Four placement considerations expressed in this classic work are worth mentioning.
1. Removal and placement is a Moral Issue--it is an ethical decision. Is it ethically right? This means, equally, that an admission decision is an ethical decision.
2. Removal and placement decisions are based on the "least detrimental alternative".  I quote "Placement should provide the least detrimental available alternative for safeguarding the child's growth and development"   In South Africa we use the term "least restrictive, most empowering". 
3.Residential placement is a Last Resort. It  only morally defensible she says, in instances when the child faces "irrevocable harm" 
The concept or criterion of "irrevocable harm" applies only when NO other form of intervention would prevent PERMANENT damage to the child's psyche. 
4. Lastly, there must be advocacy available for the child's own view on removal, placement.and program. Adults view of ethical placement, she says, frequently differs from that of a child.  Such an advocate for the child must be a person who can express, for the child, its understanding, perceptions needs and decisions. 

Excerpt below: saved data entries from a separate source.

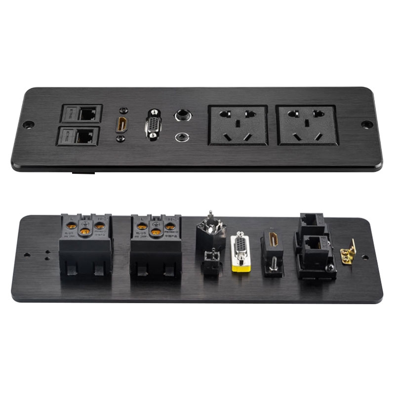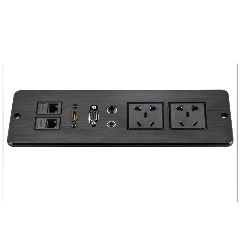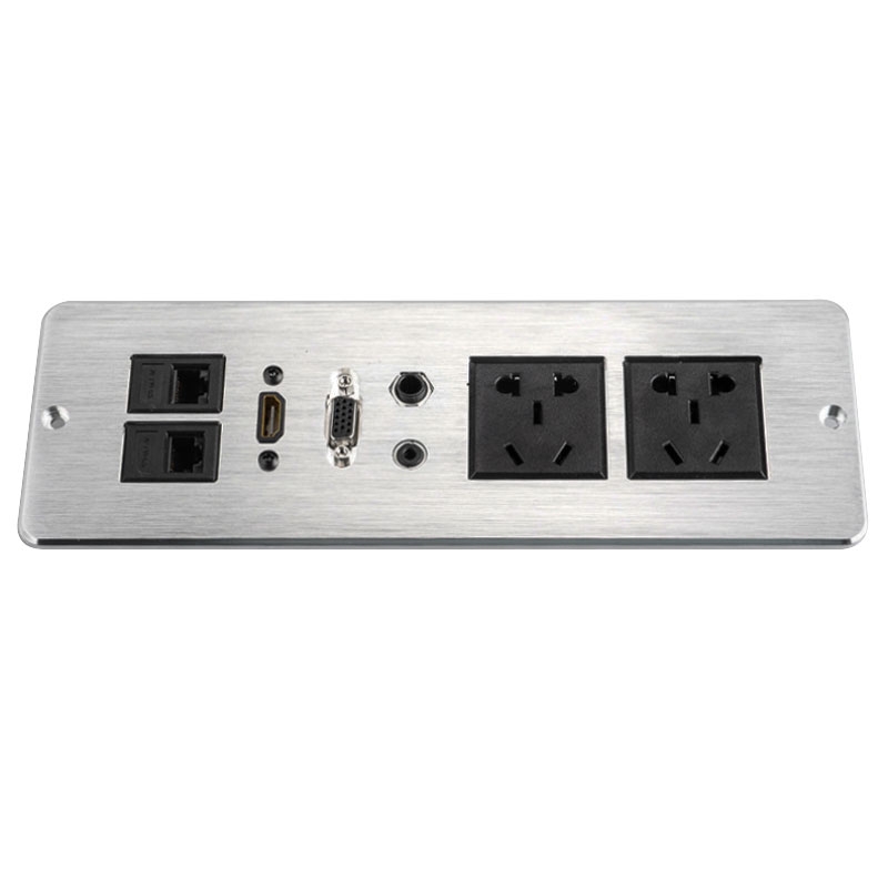 Aosens奥盛 铝合金多媒体面板台面插座支持定制 新国标五孔电源 双网络 VGA 3.5音视 视频 HDMI AS-ZH-720D
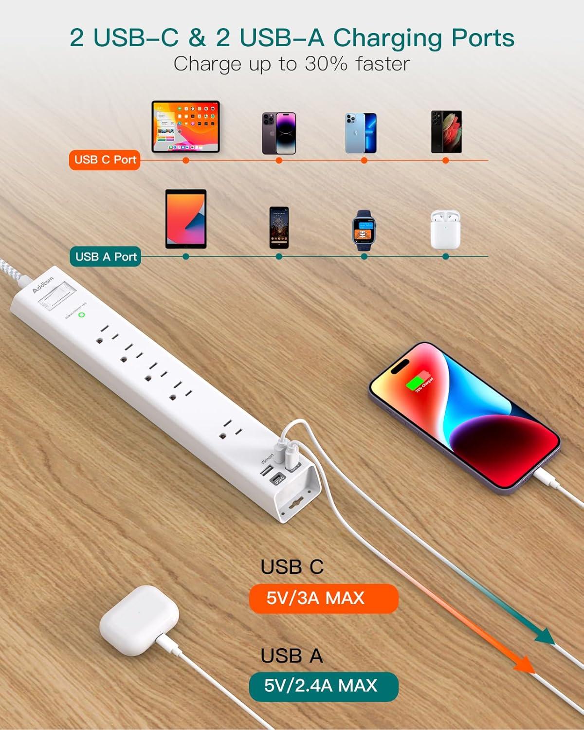 【Power Strip with USB】 – This surge protector with 3 USB charging ports provide 3.1A/15.5W in total. Built-in smart charging technology that detects and deliver an ideal input current of up to 5V/2.4A (the actual current is decided by the demand for the devices)
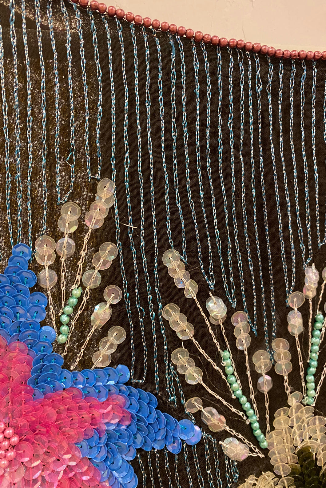 Vintage floral sequin blouse with pointed hem. No tags. Best suits XXS - XS.
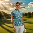 Türkise und Grüne Tropenblätter Damen Golf Polo - Individuelle Team Golf Poloshirts N3693
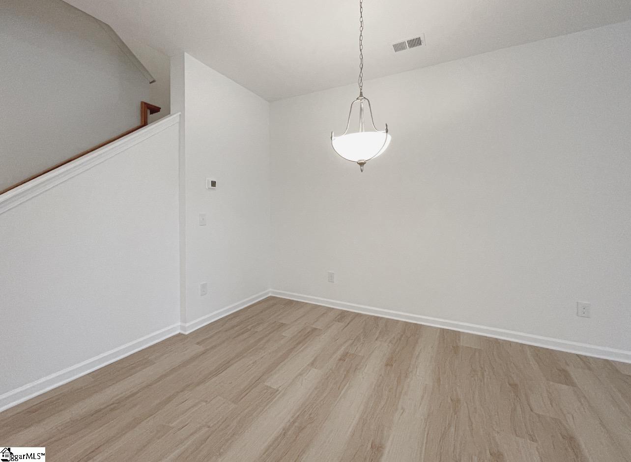 New construction featuring 3 bedrooms, 2.5 baths, and a 1-car garage. The main level offers an open floor plan with a foyer leading into the kitchen, dining area, and great room. The kitchen includes LED lighting, upgraded cabinetry, tile backsplash, granite countertops, and stainless-steel appliances. Upstairs includes a loft, walk-in laundry room, hall bath, and three bedrooms. The primary suite located at the back of the home, features a tiled shower with dual sinks. All bathrooms have quartz countertops and upgraded cabinets. Durable EVP flooring is installed in the main living areas, with carpet in the bedrooms. Additional features include structured wiring, built-in pest control system, and a finished garage with drywall, paint, lighting, and electrical outlets.
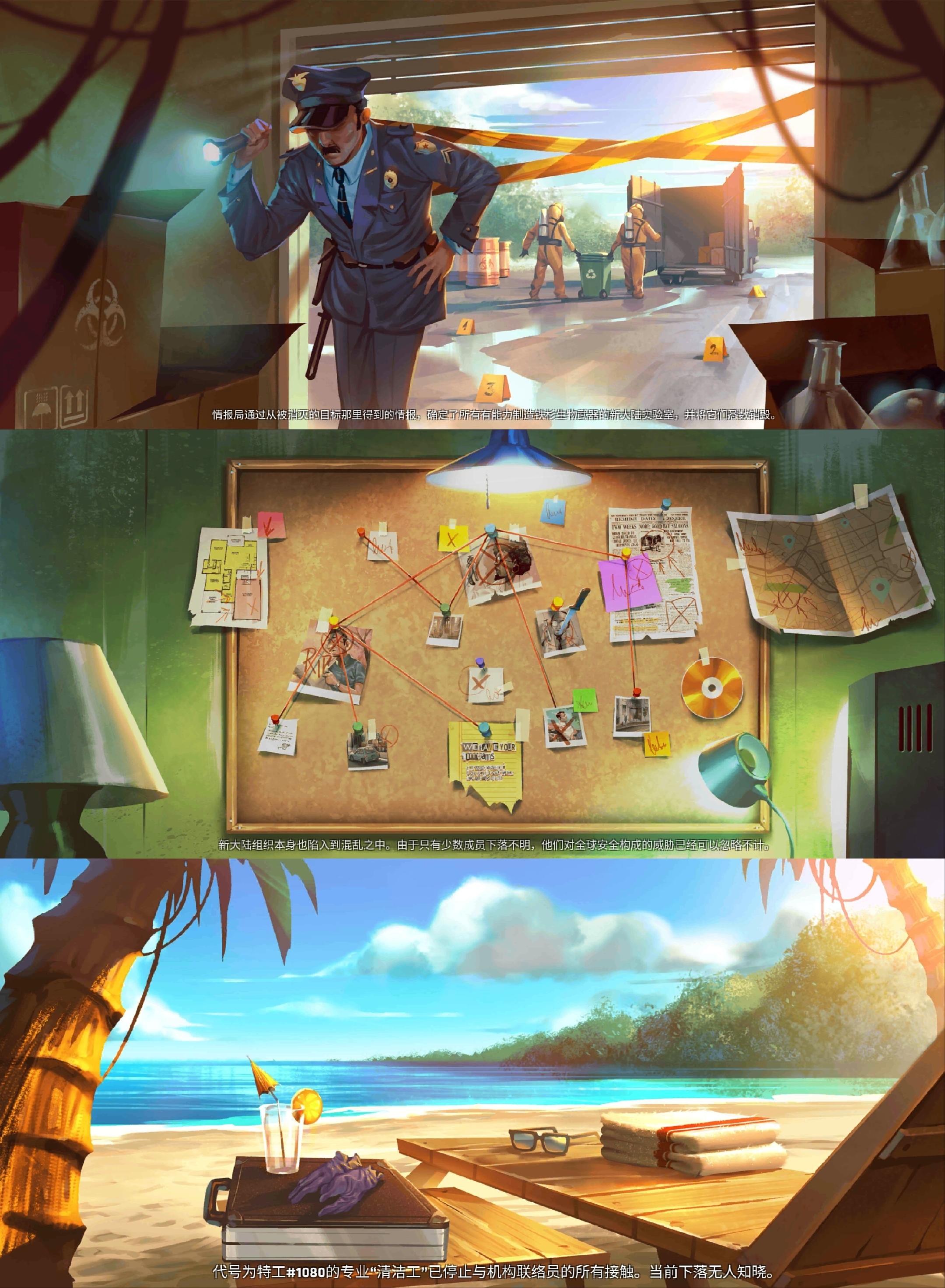 这是死无对证系列游戏的第二部(Nobodies:After Death),这一部的任务还是处理尸体,清理犯罪现场,做到毁尸灭迹。这次玩的时候留意了一下故事情节:叛变的特工偷走了政府的代号为“铁杉”的生化武器的机密研究文件,潜逃过程中将文件卖给了名为“新大陆”的生态恐怖组织。特工们的任务是铲除叛变的特工和“新大陆”的科学家,而“我”的任务是处理他们了结了的尸体、清理现场痕迹,偶尔还要为尸体制造死亡事故。
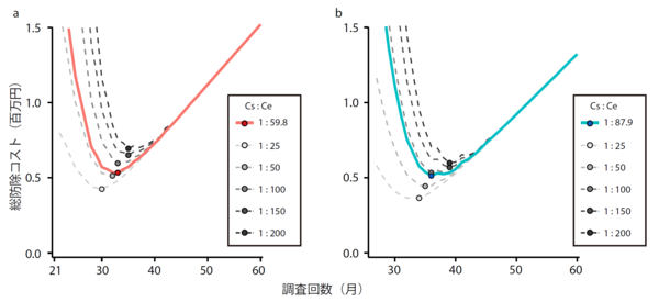 東海(a)および城南島(b)における防除対策を継続した場合の費用(総防除コスト)の総額を推定しました。Csは毎月のモニタリングコスト、Ceは誤って根絶前に防除活動を終了し防除前の密度まで再増殖したと仮定した場合の根絶コスト、Cs : Ceはそれらの比率を示しています。例えば、1 : 25ではモニタリングコストよりも再根絶コストの方が25倍高い場合を仮定しています。赤・青線は、今回の試験における実際のCs:Ce比に基づいて計算した場合を表します。 |
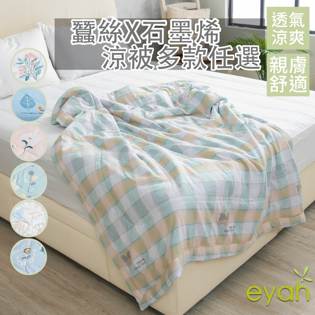 【eyah】任選 蠶絲x石墨烯鋪棉涼被四季被 150x180cm (水洗綿工藝) 舒適透氣 材質柔順 空調被 四季被花晨綠葉下|秋風過|冰糖檸檬|趕快數羊|飄散的勇氣|整齊農田Blankets, Comforters & Quiltseyah宜雅居家美學
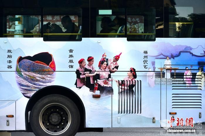 2026年1月8日,喷上精美非遗图案的公交车行驶在福州街头。中新社记者 张斌 摄

There was this whisper of residential services admitting children and young people in order to maintain its numbers. If subsidisation is based on a "heads on beds" calculation, it can be enticing to keep the numbers up no matter what. - enticing to entertain placements and prolong stays.

The final whisper shouted that a "one size fits all" system and program was not meeting the needs of inappropriately placed children.

It has been my experience that admission criteria in some residential facilities have either not been established in policy, or is given to the facility from "above". This inevitably leads to inappropriate placements. On arrival in my second appointment in a residential care facility, I inherited a very simple admission policy. It had no criteria for admission at all. The policy was: " We don't refuse any boy " Well that certainly kept "heads on beds" but couldn't be defended ethically. sounded good, especially from the church perspective. It meant that the young person had to fit the program, rather than the program fitting the child.

This is what the whisper was shouting. Whats the point of having an Individual Development Program (IDP) if the system is not based on the individual..? The motions are gone through as required but the practice in the life-space, on the ground, doesn't always match the intention 

I always thought that the "hot house" for the growing of child and youth care practice was to be found in the residential facility. I thought that as the Grand Prix leads the way for the improvement of passenger cars, so residential care leads the way for child and youth care in any setting, especially community- based care. Isibindi as a model, has proved me wrong. We have a lot to learn from this now nationally and internationally accredited model of professional child and youth care .

It is time, I think, that we start again to rethink residential care and grow a South African indigenous model of best practice  for residential settings . One that can be rolled out, adapted as contexts require, and provide high quality developmental treatment to children and young people who would otherwise experience irrevocable harm,

Let the whisper become a shout for excellence in South African residential care.